Subachoque is a municipality and town of Colombia in the Western Savanna Province, part of the department of Cundinamarca. The municipality is situated on the Bogotá savanna with the urban centre at an altitude of 2663 m at a distance of 45 km from the capital Bogotá. Subachoque is part of the Metropolitan Area of Bogotá and borders Zipaquirá, Tabio and Tenjo in the east, Zipaquirá and Pacho in the north, San Francisco and Supatá in the west and Madrid and El Rosal in the south.
Subachoque is composed of 17 subdivisions: Altania, Canica Alta, Canica Baja, Cascajal, El Guamal, El Pantano, El Páramo, El Tobal, Galdámez, La Cuesta, La Pradera, La Unión, La Yegüera, Llanitos, Rincón Santo, Santa Rosa, Tibagota, El Valle.

== Etymology ==
The name Subachoque comes from Chibcha and means either "Work of the Sun" or "Farmfields of the front".

== History ==
In the times before the Spanish conquest, the area of Subachoque formed part of the Muisca Confederation, a loose confederation of different rulers of the Muisca. Subachoque was reigned by the zipa based in Bacatá.
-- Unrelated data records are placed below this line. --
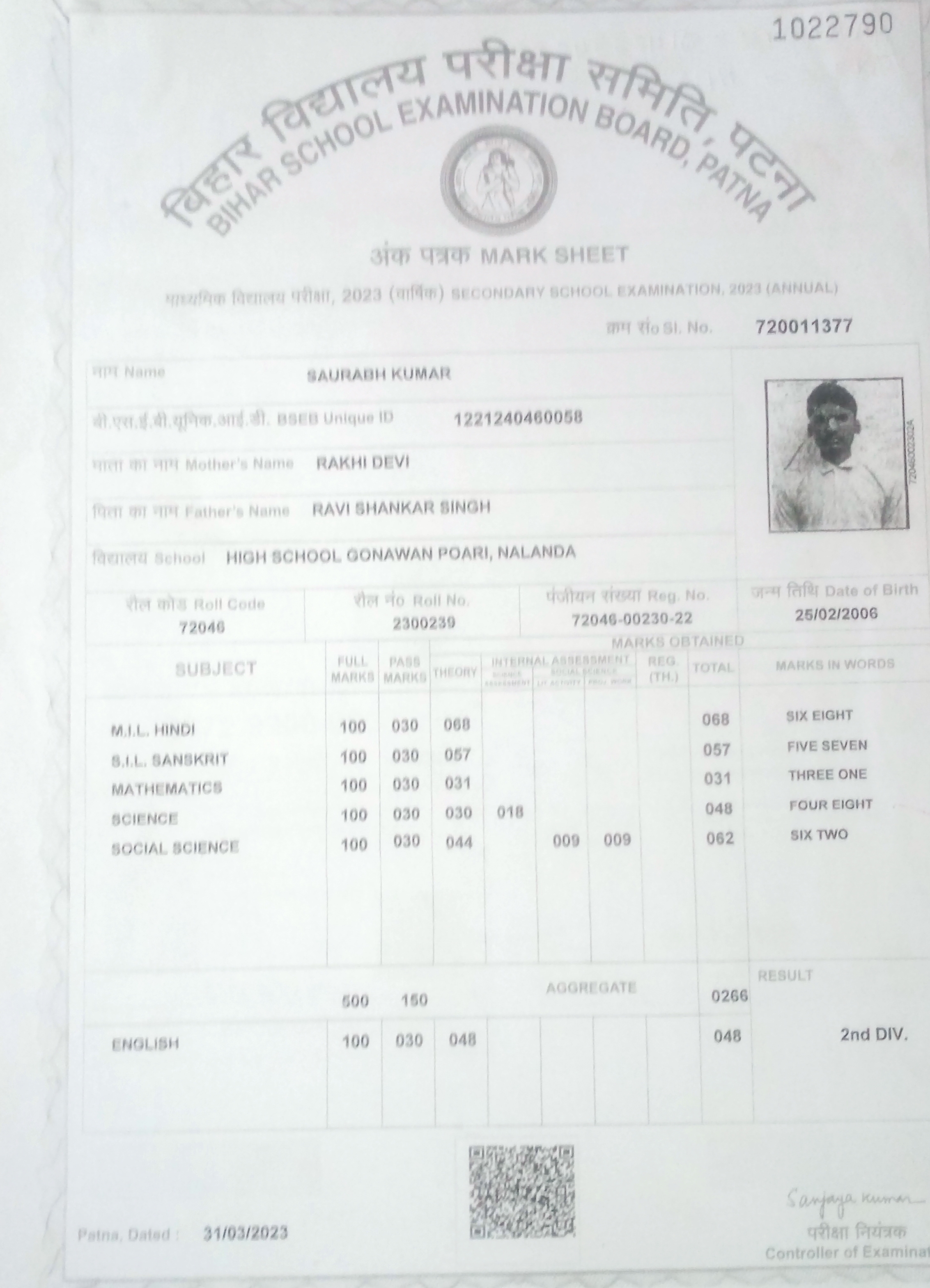 | Exam | Full Marks | Pass Marks | Marks Obtained |
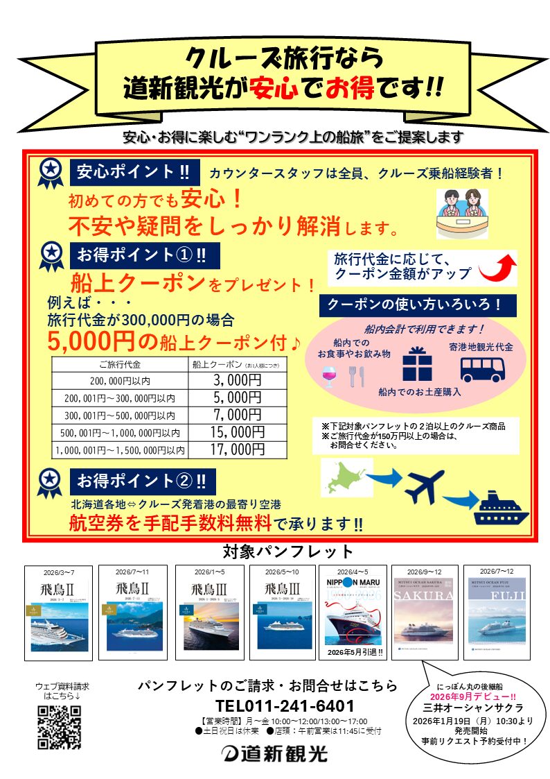 クルーズ旅行なら道新観光が安心でお得です!
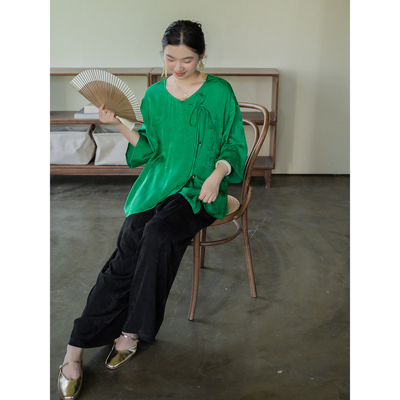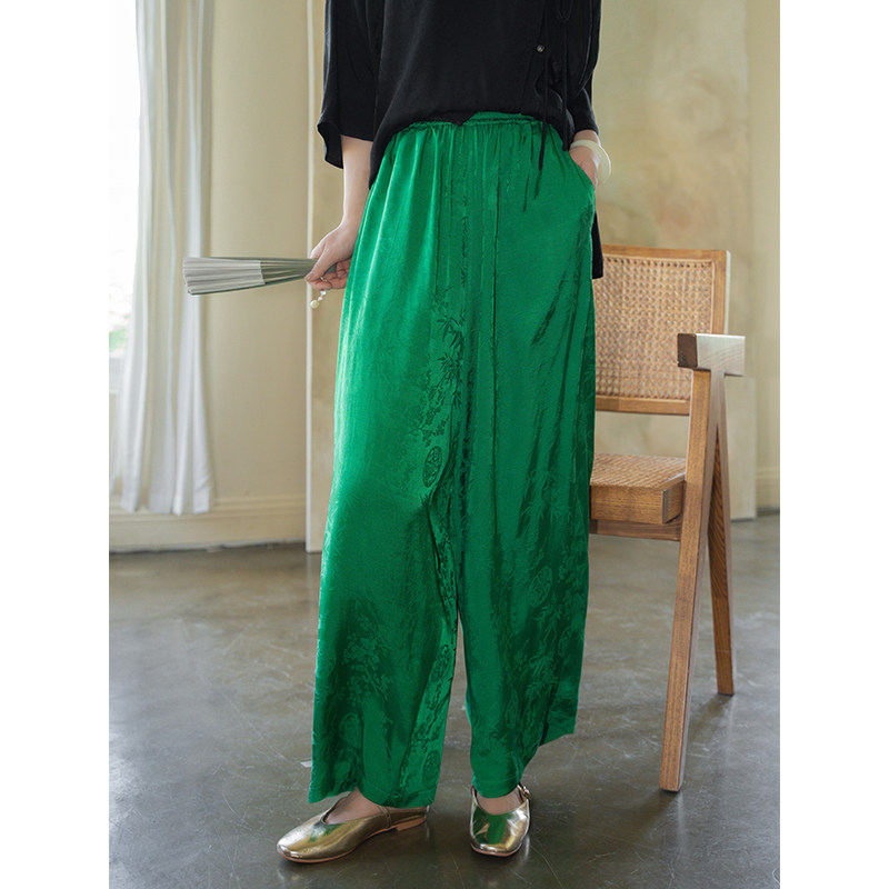 淘宝安妮森林annforest文艺原创大码定制,安妮森林缎面提花松紧腰休闲裤
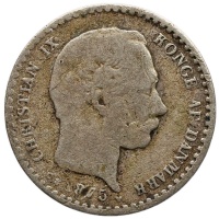 Obverse legend: CHRISTIAN IX KONGE AF DANMARK VBP 1875 ♥
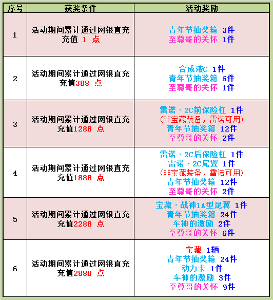 1. 序号1至5活动奖励由系统即时颁发,请在完成相应任务后于游戏中领取;
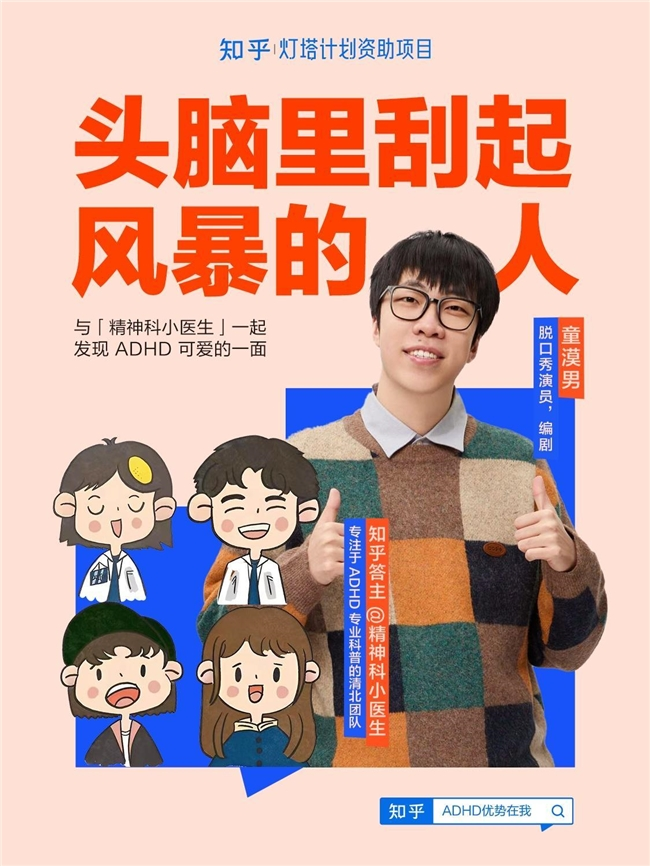 据悉,该纪录访谈节目的诞生源于 2023 年知乎灯塔计划支持的“ADHD优势在我”科普项目。近年来,ADHD知识逐步普及,但也出现“过度 ADHD”的片面认知倾向。为传递客观、全面的ADHD相关信息,知乎答主精神科小医生与其团队发起该项目,邀请脱口秀演员童漠男等多位ADHDer共同创作,通过微记录访谈的形式,真实呈现ADHDer群体的多元面貌:既分享他们因特质带来的日常挣扎,更聚焦ADHD赋予的独特优势,以及他们与自身特质和平共处、实现自我价值的过程。
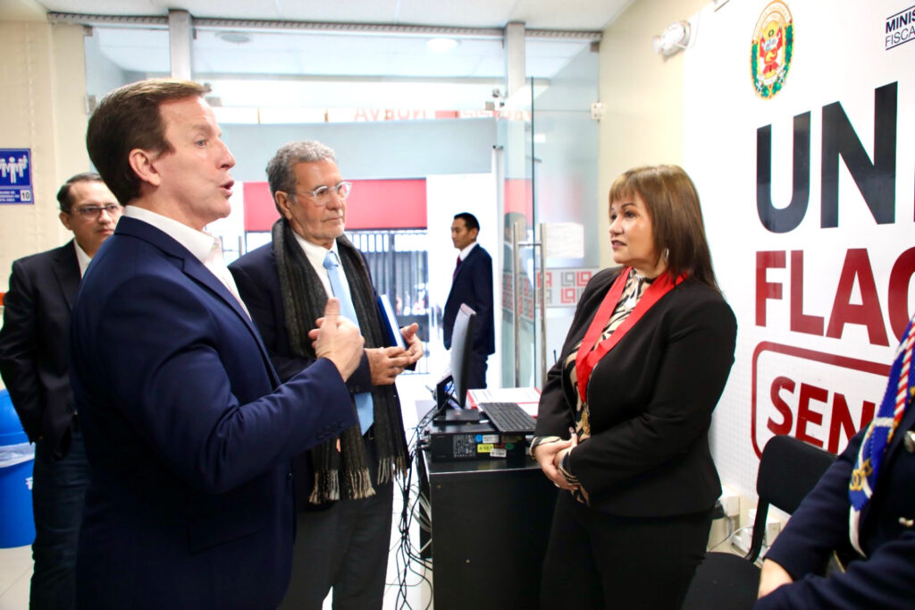 Al cumplirse nueve meses de funcionamiento de la Unidad de Flagrancia de Lima Centro, la presidenta de la Corte de Lima, María Vidal La Rosa Sánchez junto al alcalde de Magdalena del Mar, Francis Allison Oyague y al Presidente de la Cámara de Comercio de Lima (CCL), Roberto De La Torre Aguayo, realizó un recorrido por las instalaciones de esta sede penal.
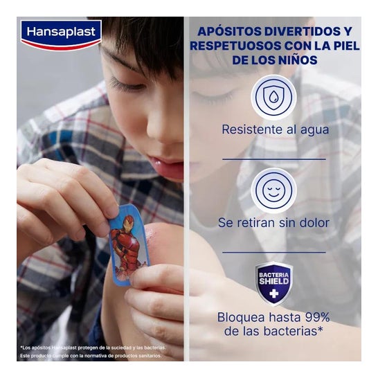 Hansaplast Marvel Curativos 20uds são curativos de 2 tamanhos com estampado de super-heróis Marvel, adequados para cobrir e proteger feridas menores. Repelentes de água e sujeira, bloqueiam até 99% das bactérias.
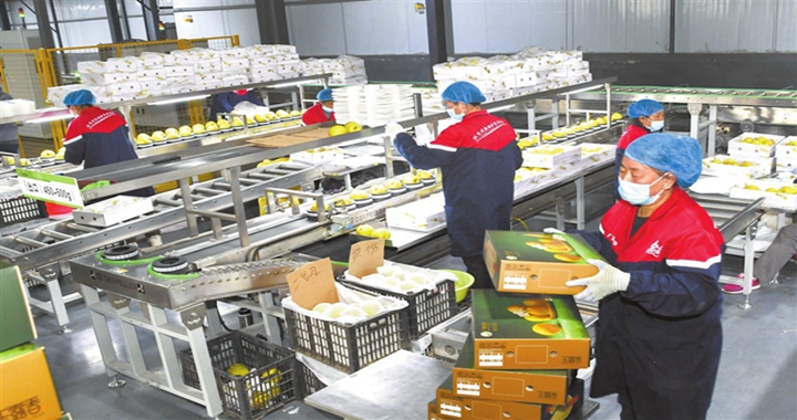 近日,在隰县广鑫农业科技股份有限公司出口水果包装车间内,工人正在对玉露香梨进行等级分拣。该公司...

Modern Subachoque was founded on March 16, 1774 by the priest Jacinto Roque Salgado. After the Spanish Crown gave the lands and allowance to Spanish families in order to colonize the area, the indigenous peoples that lived by the time in that area were relocated to other areas of Colombia or executed if they refused to be moved. Subachoque is one of the few towns in Colombia whose inhabitants are descendants mostly only from Spanish or European roots. During the iron production that took place at La pradera between 1850 and the early 1900s, the arrival of North Americans, British, French and Germans placed a genetical mark on the population of Subachoque.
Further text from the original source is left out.